Daily childhood tantrums could lead to deeper problems later in life
Occasional fits are nevertheless common among toddlers.
Wed, Aug 29, 2012 at 07:26 AM
It's common for young children to have a temper tantrum from time to time. But a new study finds that daily tantrums are uncommon enough to be a possible sign of worrisome behavior problems.
Based on a survey of nearly 1,500 parents, the study found that 84 percent of preschool kids had thrown a tantrum within the past month, but just 8.6 percent had daily tantrums.
That finding indicates that, even in young children, daily tantrums are not typical and may suggest deeper problems, said study researcher Lauren Wakschlag of the Northwestern University Feinberg School of Medicine.
The finding is part of larger research looking at what exactly distinguishes "normal" tantrums from problematic behaviors that may be early signs of mental health issues.
The researchers asked parents of children ages 3-5 about the frequency and severity of their children's tantrums.
One relatively uncommon behavior was frequently having tantrums out of the blue, as opposed to when the child was frustrated or angry, said Wakschlag, who is vice chair of the department of medical social sciences at her school. Some 8.3 percent of the kids threw a sudden tantrum at least once a week.
It was also uncommon for children to have tantrums that lasted a long time or were hard for the child to recover from, Wakschlag said. About 14 percent of children had tantrums that lasted longer than five minutes at least once a week.
Relatively few children displayed aggression, such as biting or kicking, during a tantrum, and only slightly more common was having a tantrum with an adult who was not their parent, according to the study. Parents reported that 8.2 percent of children had behaved aggressively weekly during a tantrum, and 10 percent threw a tantrum with another adult.
The researchers acknowledged that any of these uncommon behaviors may occur from time to time; it is only when they happen regularly that they might raise concern.
While the study identified which tantrum behaviors are atypical among young children, more research is needed to possibly link specific behaviors with mental health and social problems,Wakschlag said. She and colleagues are conducting this stage of the research now.
The researchers hope their research will reduce overtreatment of behavior that is actually typical for children, Wakschlag said.
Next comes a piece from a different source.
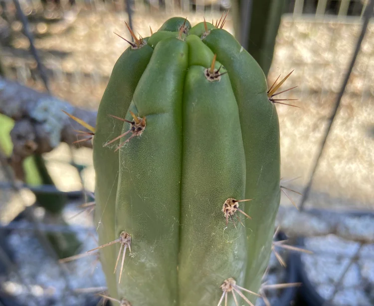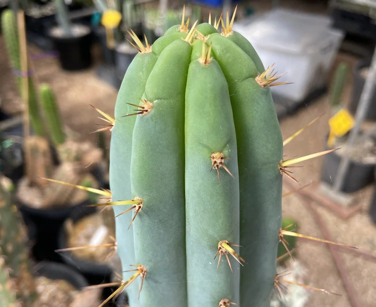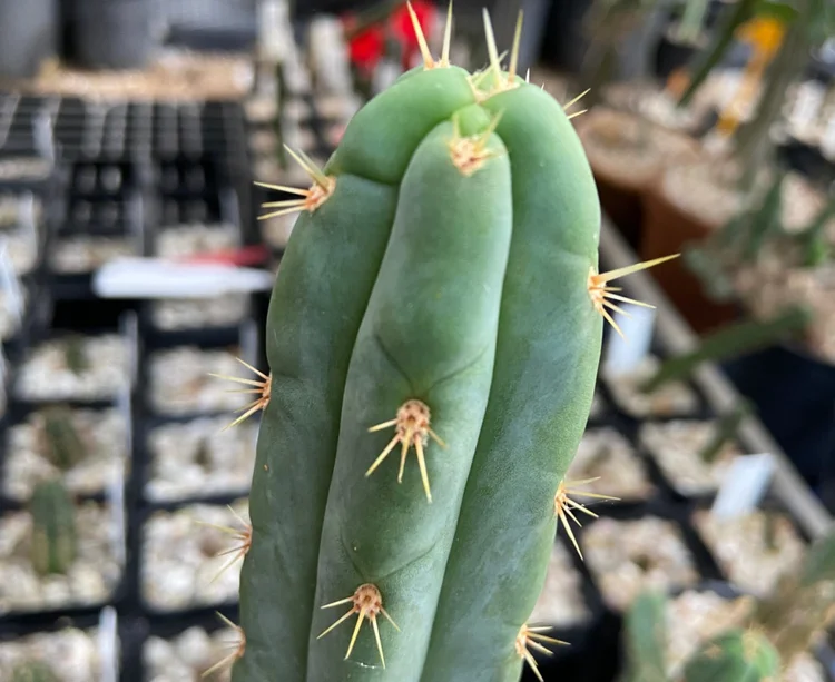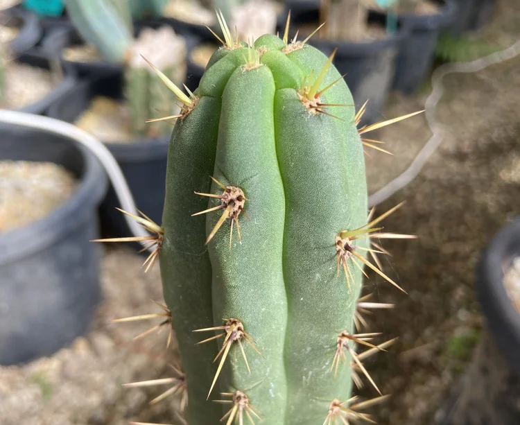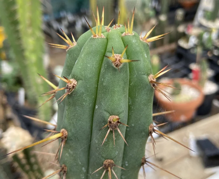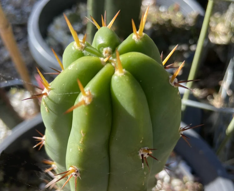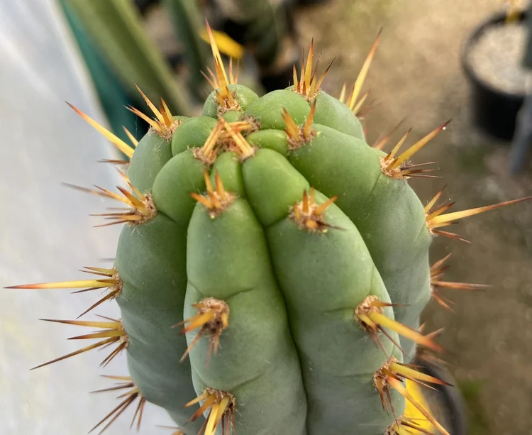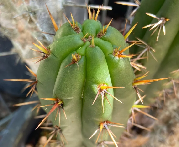 Fast growing, hardy, disease resistant. Often produces two classic Trichocereus bridgesii spines on its upper part, while each areole produces three to four spines. Strong v-notches, long, strong yellow spines with orange tips and few ribs.
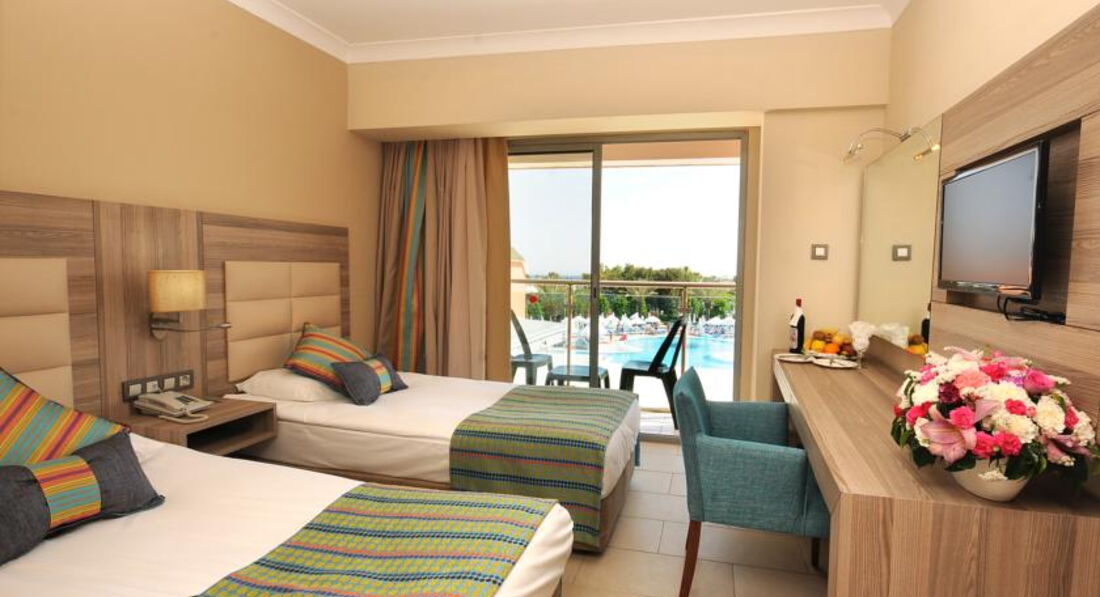 Приехали мы в отель в 11 утра заселение было с 14-00, пошли гулять и осматривать отель. После заселили в номер, номера очень красивые и чистые, мебель новая, есть кондиционер, телевизор, бар, сейф (бесплатный). Номер нам дали 1401 с видом на бассейн и море, очень красиво ! Кормят просто отлично, очень много зелени и салатов, овощей, мясо кура и индейка, говядину подают очень редко, для детишек есть отдельное меню, про вкусняшки вообще молчу их просто несчитанное количество и каждый раз были разные. Все всегда было свежее и очень вкусное (основной ресторан). Есть Снек-Бар там с 10 утра до 15 вечера всегда есть картошка фри, бургеры, овощи, нагетсы, сосиски ! Короче кормят на убой ))))))

For instance, in the Diagnostic and Statistical Manual of Mental Disorders — the bible of mental health disorders — a symptom of behavior problems is "often loses temper." With this definition, Wakschlag said, there may be confusion about how often is "often," particularly because the frequency of tantrums varies with the child's age.
“There's been a real danger of preschool children with normal misbehavior being mislabeled and over-treated with medication," Wakschlag said. "This is why it’s so crucial to have tools that precisely identify when worry is warranted in this age group."
The study appears today (Aug. 29) in the Journal of Child Psychology and Psychiatry.